The father was standing, holding the hand of the child, who was sitting in the lap of a dark woman dressed in a black forties-style suit, with the open-collar piqué blouse and padded shoulders that have been revived in current fashion; she was gazing intently at the child. The woman had a noticeable mustache on her upper lip, and a mole on each of her temples. She had a dusky face.

—Is she dead? asked Carlos María after a long pause.

—No, said Catarina, she is being taken care of. It's for her own good. I am telling you because it's our responsibility to keep her isolated, secure. Nobody must see her.

—Ah. We may never see her? Is that an absolute prohibition?

—Not everyone can be granted that privilege. Catarina smiled. On altars, perhaps, you may see her.

—And in memory.

—When memory comes fully to life, it can be an aberration or a crime. On altars—Catarina repeated—there, perhaps, we may see our mother.

—Not here. There are no Virgins on Protestant altars. Why did Santiago Ferguson choose this place to die?

—As you say, perhaps he felt that something was missing here. Perhaps he felt that there was a place for him in this cathedral. Perhaps this is the place that contains all others, or the place that excludes all others. Either way, he may have felt that this was the ideal architecture he had been seeking all along, an architecture without the burden of the maternal image. Santiago Ferguson was explicit about that. But if he wanted a resting place without Virgins, he could not wish for a place where bodies separated by death are reunited. We must respect his wishes. He wanted, really, to rest in peace.

—You loved him, truly, José María dared to say.

—I loved Santiago Ferguson, but not our father, Catarina replied.

—No, our father died very young, when you were a child.

Then, children of dark, loving parents, offspring of their dark love, of love between friends, we took each other's hands and walked away, vowing never to reveal what we now knew, what denied her brothers the intimacy of Catarina's body, what gave that right to Santiago Ferguson, what denied the death in childbirth of the fair María del Moral, or what opened the empty page of the mystery of her death, what removed Catarina's mother from the world forever, our mother, lover of our father, the architect affectionately known as “The Negative,” our mother, shut away to protect the friendship between families, the memory of the father, or the love of Santiago and Catarina. We silently vowed never to speak of these things.
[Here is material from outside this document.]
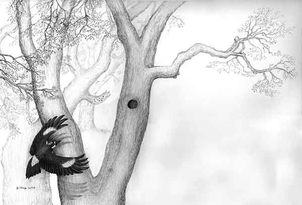Artists's comment: "This drawing was produced as the Frontisepiece for the Breeding Bird Atlas of Santa Clara County, CA .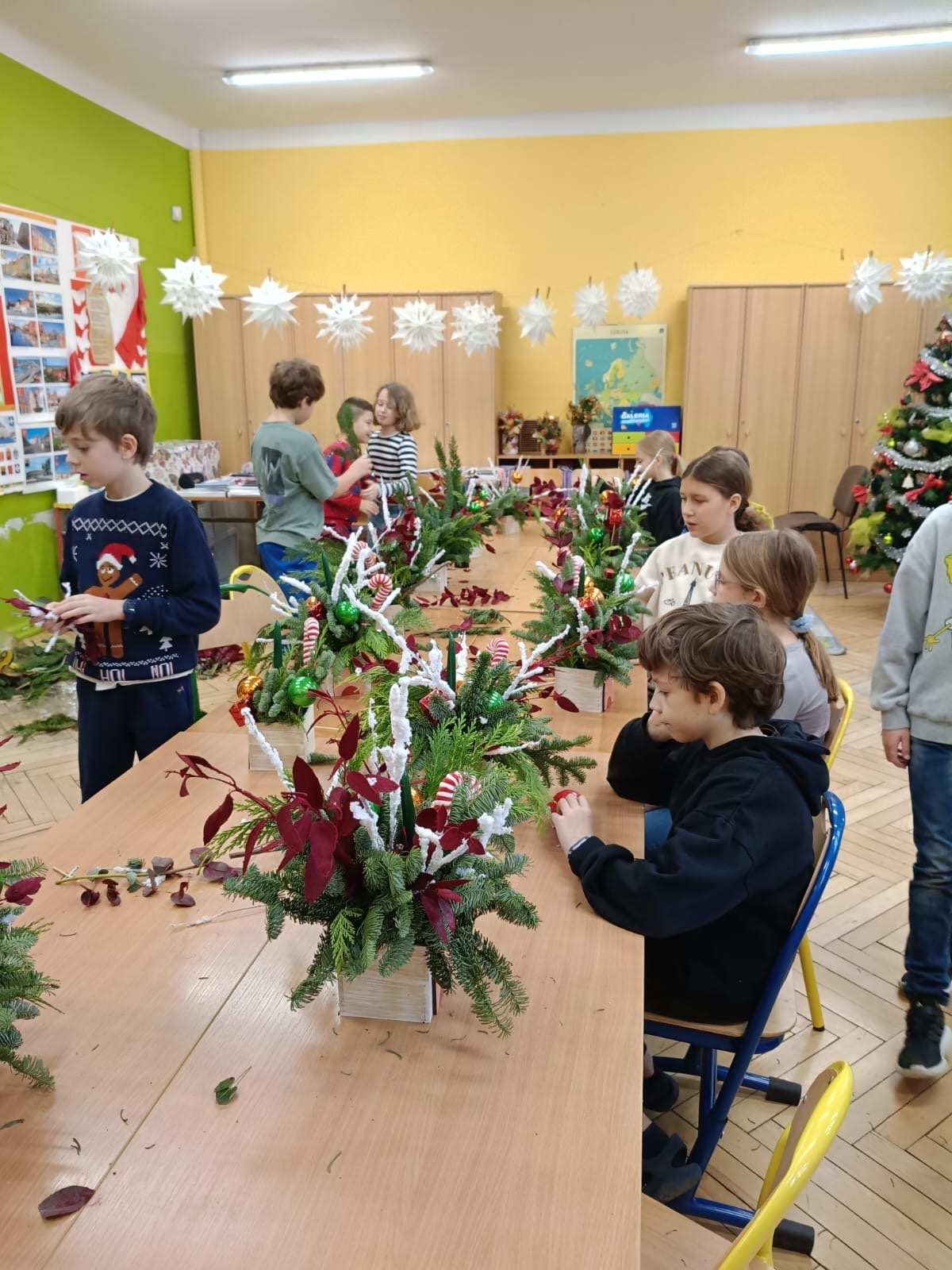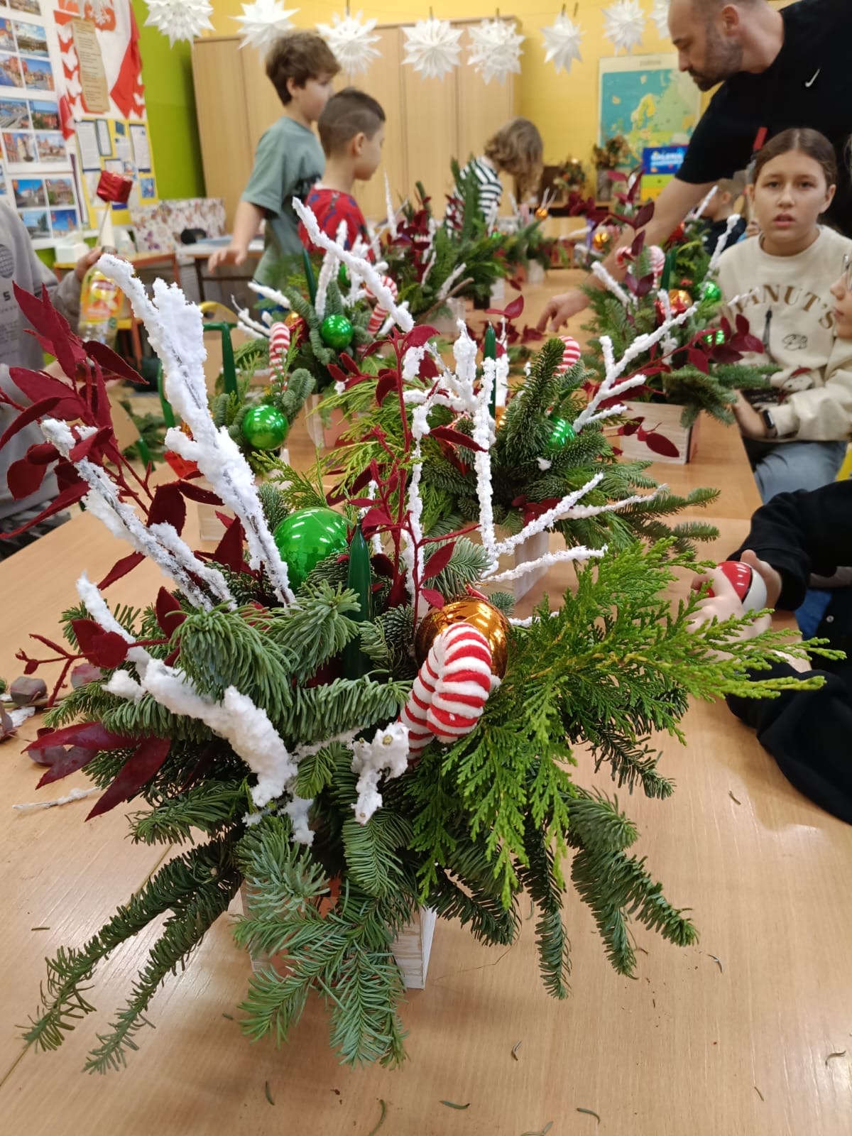 Uczniowie wykazali się dużą kreatywnością i starannością, wykonując wyjątkowe stroiki, które mogli zabrać do domu. Dekoracje te z pewnością przystroją pokoje i mieszkania, a być może staną się także pięknym, własnoręcznie wykonanym prezentem dla bliskich.

We would never mention what gave our teacher the right to do what
we
could never do, condemning us to the separation of being three, not one, never one, and of never repeating what we saw and experienced separately, yet what brought us together, holding each other's hands, in passionate humility before the mysteries of life.

We left Wells Cathedral, each of us knowing that we could return only when we again had a thirst for miracles, and that our newfound kinship would depend on our continuing to believe in the miracle of the others. Apart from that, to all appearances, we would continue to be “reasonable people.”

At that moment we lost the possibility of the couple, but we gained, behind the multitude of our ghosts, a fraternal trinity. Carlos María, José María, Catarina.

Had that been Santiago Ferguson's secret wish, after all?

3

Again last night the glow appeared.

Doña Heredad Mateos arrived at the convent hidden in Calle José María Marroquí, and in the hot white bathroom where the steam formed drops on the dried-up, wrinkled backs of the frogs, she presented to the woman who had just given birth an old patched wedding dress, which the old seamstress's art had made like new: pearls, organdy, and a whiff of naphthalene. The nuns thanked her for the gift and placed it, as though to try it on, over the stretched-out body of the woman who had just given birth, who did not smile. The mask of her immobile face, embellished only by the hair on her upper lip and the moles on her temples, broke as she asked, again, why the birth was a miracle the first time and now, the second time, it was a sin. The seamstress said she didn't know anything about that kind of thing, it was beyond her, all she had was faith. And, as always, she would gladly take care of the child. Yes, it was better, as always, for the father not to know about the child. She would take care of him.